* _DATASET CONTENT_
=== Section Start ===

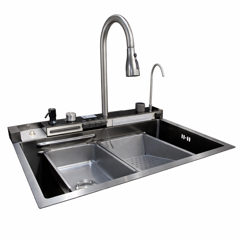 უჟანგავი ლით. ნიჟარა NYWY-24-24 (BLACK) ზომა: 75*46 ( შემრევით, ტერმოსტატით, აქსესუარებით)
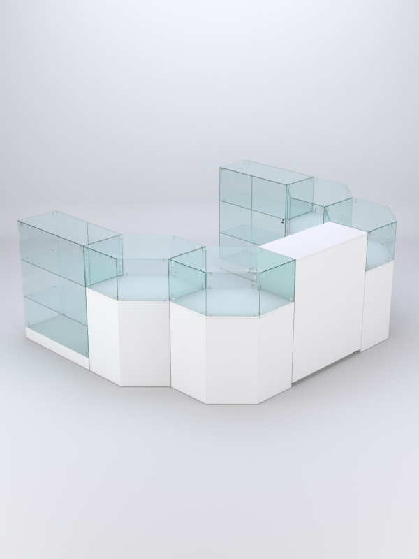 Комплект включает 2 прямоугольных прилавка с 2-мя полками, 4 шестиугольных прилавка с 1-ой полкой и закрытый прилавок.
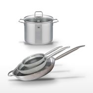 Le lot Elo Relief Solution est un ensemble de haute qualité conçu pour répondre aux besoins des professionnels de la cuisine comme aux amateurs passionnés. Composé d'un faitout en inox de 26 cm et de trois poêles de 24, 28, et 32 cm, cet ensemble offre une polyvalence exceptionnelle. Fabriquées en acier inoxydable 18/10, les pièces principales garantissent une résistance à la corrosion et une durabilité accrue. Le faitout est idéal pour les cuissons longues, préservant les arômes et les nutriments grâce à son fond capsulé qui assure une répartition homogène de la chaleur. Les poêles, quant à elles, sont équipées d'un revêtement antiadhésif ELODUR® Select, permettant une cuisson saine et une réduction de l'utilisation de matières grasses. Le design moderne et ergonomique, avec des poignées creuses pour un confort optimal, facilite la manipulation et le service. Chaque élément est compatible avec tous types de feux, y compris l'induction, et passe au four jusqu'à 240°C, offrant ainsi une flexibilité maximale pour vos préparations culinaires. L'entretien est simplifié grâce à la possibilité de lavage au lave-vaisselle, tandis que le revêtement antiadhésif facilite le nettoyage à la main. Choisir le lot Elo Relief Solution, c'est opter pour l'excellence et la fiabilité en cuisine.
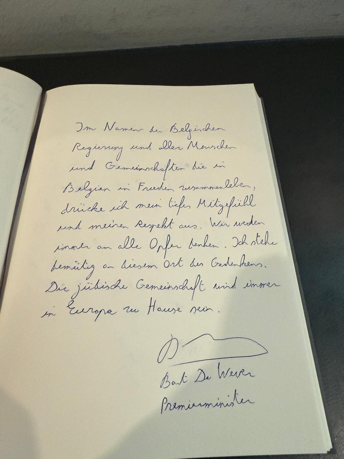 Tijdens een bezoek aan Berlijn op dinsdag 26 augustus heeft eerste minister Bart De Wever een pakkende boodschap achtergelaten in het gastenboek van het Monument voor de vermoorde Joden van Europa (Holocaustmonument in Berlijn). In zijn tekst, geschreven in het Duits, betuigde De Wever de steun en het respect van België aan de Joodse gemeenschap en herdacht hij de miljoenen slachtoffers van de Shoah.

=== Section End ===

* _TASK BRIEF_
Starting from the first line of the listing above, write out every line exactly through the one containing "Комплект включает 2", and drop the pictures.

* _TASK ANSWER_
 უჟანგავი ლით. ნიჟარა NYWY-24-24 (BLACK) ზომა: 75*46 ( შემრევით, ტერმოსტატით, აქსესუარებით)
 Комплект включает 2 прямоугольных прилавка с 2-мя полками, 4 шестиугольных прилавка с 1-ой полкой и закрытый прилавок.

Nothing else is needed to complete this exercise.